Wednesday, July 13, 2005

Love at 25: An Unfinished Introduction

For the past few months I have lived in a contemplative trance. Holding patterns like my current one (as I wait to return home) can be quite conducive for personal growth and exploration if given the proper consideration and appropriate attitude. I’ve tried to apply that attitude wherever I can, and I highly recommend it. Next time you’re waiting for a movie to start or in line at Wal-Mart, ignore the magazines at your elbow (I don’t care whose rack Cosmo is featuring this month) and take a moment to examine your place in the universe. You never know what you may find. The intoxicating aroma of beef jerky and bubble gum may just facilitate a life-changing discovery. Little known fact: Plato conceived Allegory of a Cave in line at the DMV. Filling up many months with contemplation can be a little more treacherous than the fleeting thoughts one might get at the checkout counter, so build up some endurance before you dive headfirst into life's great mysteries.
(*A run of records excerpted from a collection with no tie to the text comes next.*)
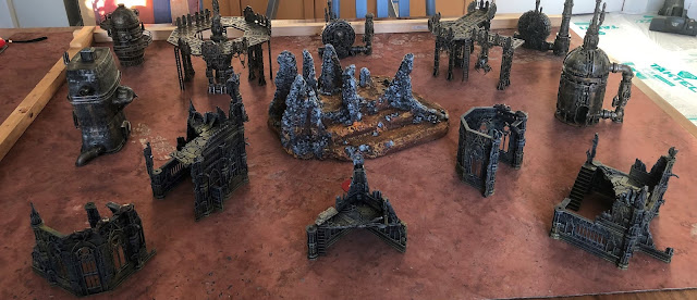 I've got a few newly painted units that I want to put into the list today. Top of the list is a Doom Scythe, which looks fantastic but could be brittle with T6 and no invuln save. More great-looking models are a Skorpekh Lord and three Skorpekh Destroyers; I'm sure these guys will be very effective (though two of the Destroyers have damage 2 weapons, which will be wasted against Disgustingly Resilient). I spend 2CPs to beef up the Lord, giving him the Nanoscarab Casket relic (he'll recover 2 wounds per turn instead of 1 from Living Metal) and the warlord trait Enduring Will (-1 damage from all attacks - appropriately mirroring Disgustingly Resilient). My warlord is an Overlord with the Szarekhan warlord trait The Triarch's Will (so he can pick the same Protocol twice) and I give him the Orb of Eternity to boost his Resurrection Orb to reanimate on 4+ once per game. I'm deliberately avoiding the fantastic Veil of Darkness relic this time to try a few other relics.
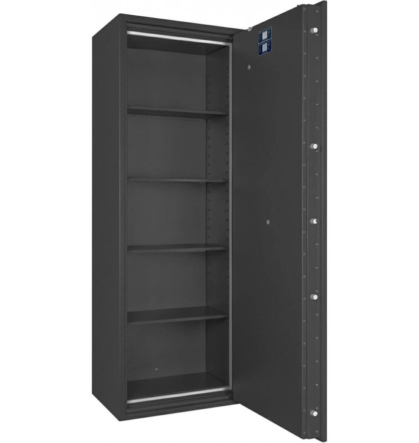 На дверь данной модели установлена трёхлучевая ручка серебристого цвета и электронный высокосекретный замок LA GARD ComboGard 39E производства США.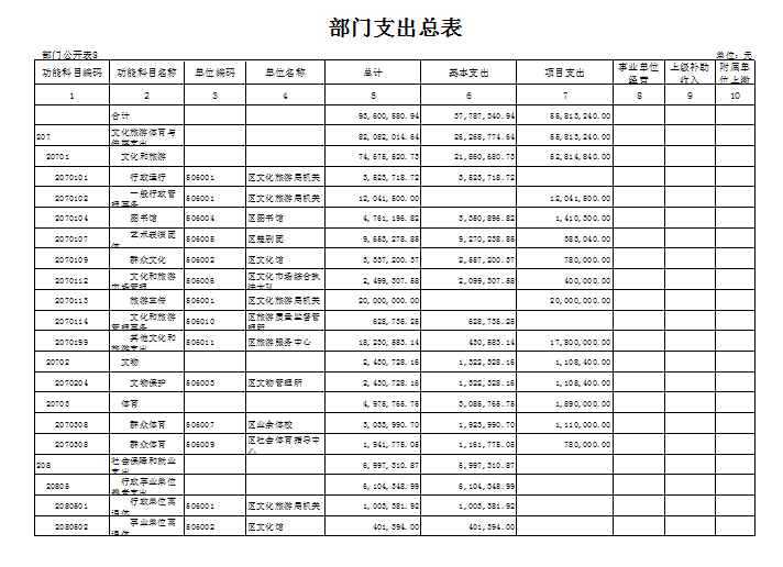 表6.楼凤网 文化和旅游局2020年部门收支总表

My philosophical sensibility tends quite fickle, deconstructing one topic to a hopeless mush before moving on to do the same to something else. The history of my blog represents this wonderfully. Politics and religion got beat down in the early months before I moved on to my writing. Then the summer movie season got into full swing, so that’s been the majority of May and June. Yet none of these things really managed the synaptic stranglehold that love has recently. I was shocked to find that, aside from one very brief contemplation of knights slaying dragons, that sacred cow had not been eviscerated in my crosshairs of cynicism like just about every other convention we hold dear these days.
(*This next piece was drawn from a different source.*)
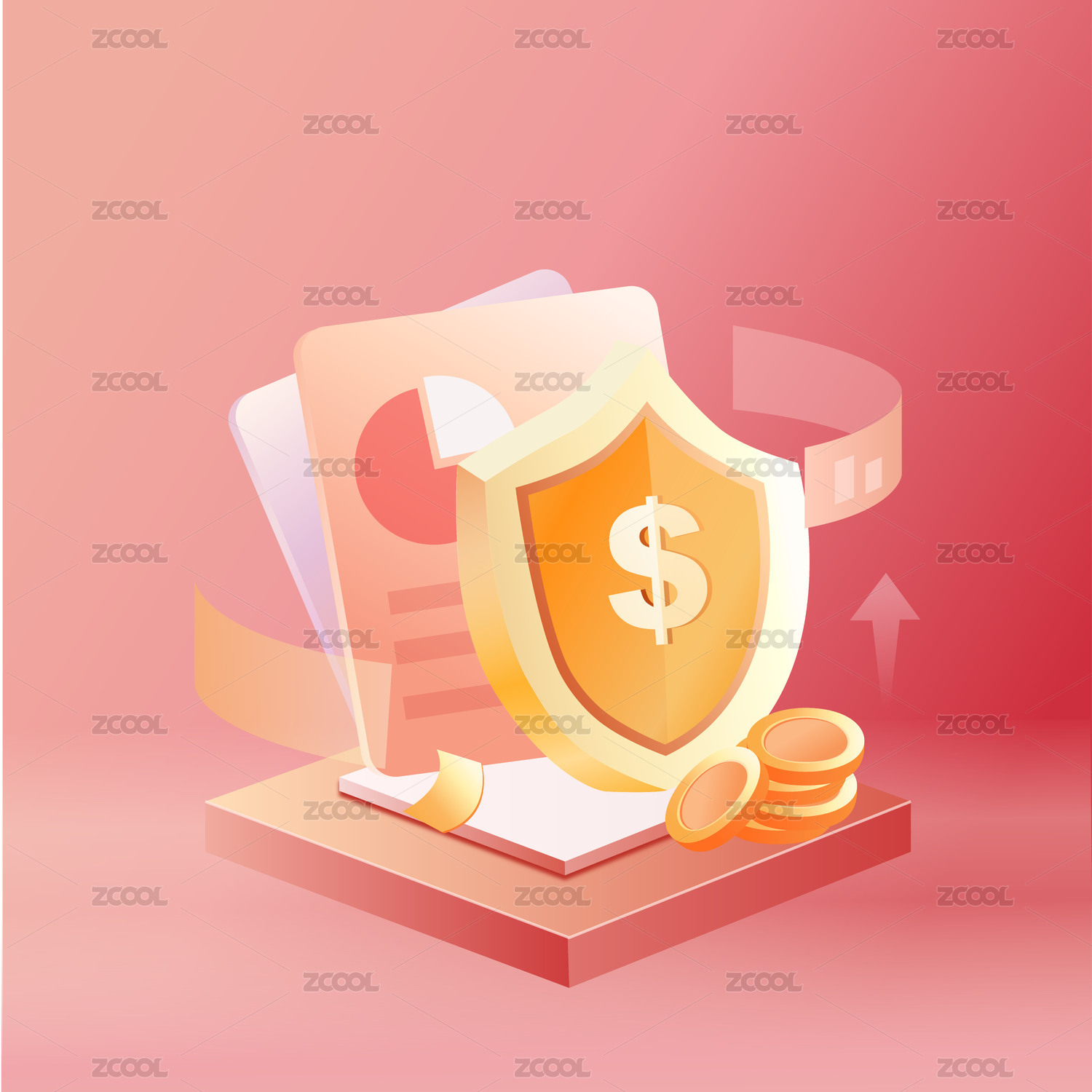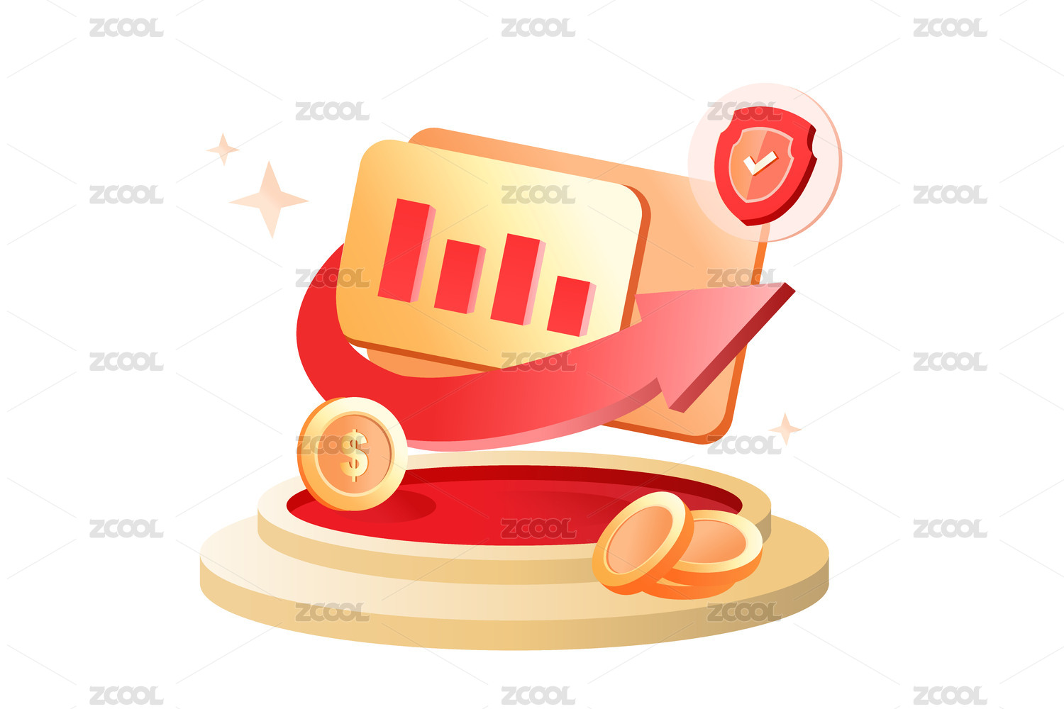 金融商务感红橙互联网活动数据增长矢量图

Why is that? I asked myself. Once I lay aside my shield of mocking bluster and repressed my relationship history, the answer came very easy.

Very simply, I don’t want to. For me to lose love in my heart (just as I lost faith) would be like snuffing out that last corner of my soul that occasionally lights the dark. I do have a history of self-destructive behavior, but I don’t thrill in pain and misery so much that I would quash my one great chance to rise out of the muck of my own self-righteous gloom. God is dead. My future is uncertain. The Cubs are below .500. If I slaughtered love, my lord, what would be left?

I have not given up on love. Coming from the family I do such action would not only be foolish, but it would also completely disregard of the evidence with which I am surrounded. And there’s nothing I hate more than an argument absent compelling evidence. So, I will not be destroying love on these pages, especially when so many other people seem to doing a perfectly good job destroying it for the rest of us.

Yes, I still believe in love, but that doesn’t mean it’s safe in my heart. Love has been attacked from all sides in my life. Normally, I’d let the bleak world have it; the world’s made a good case for love’s invalidation. It poisons love even as it bombards us with reminders of its blessings. I wish I could step aside. I wish I could just throw my hands up and discard this Hallmark bullshit.

But there was this girl.

Her name was Erika Thormahlen.

She's the most beautiful thing I’ve ever seen.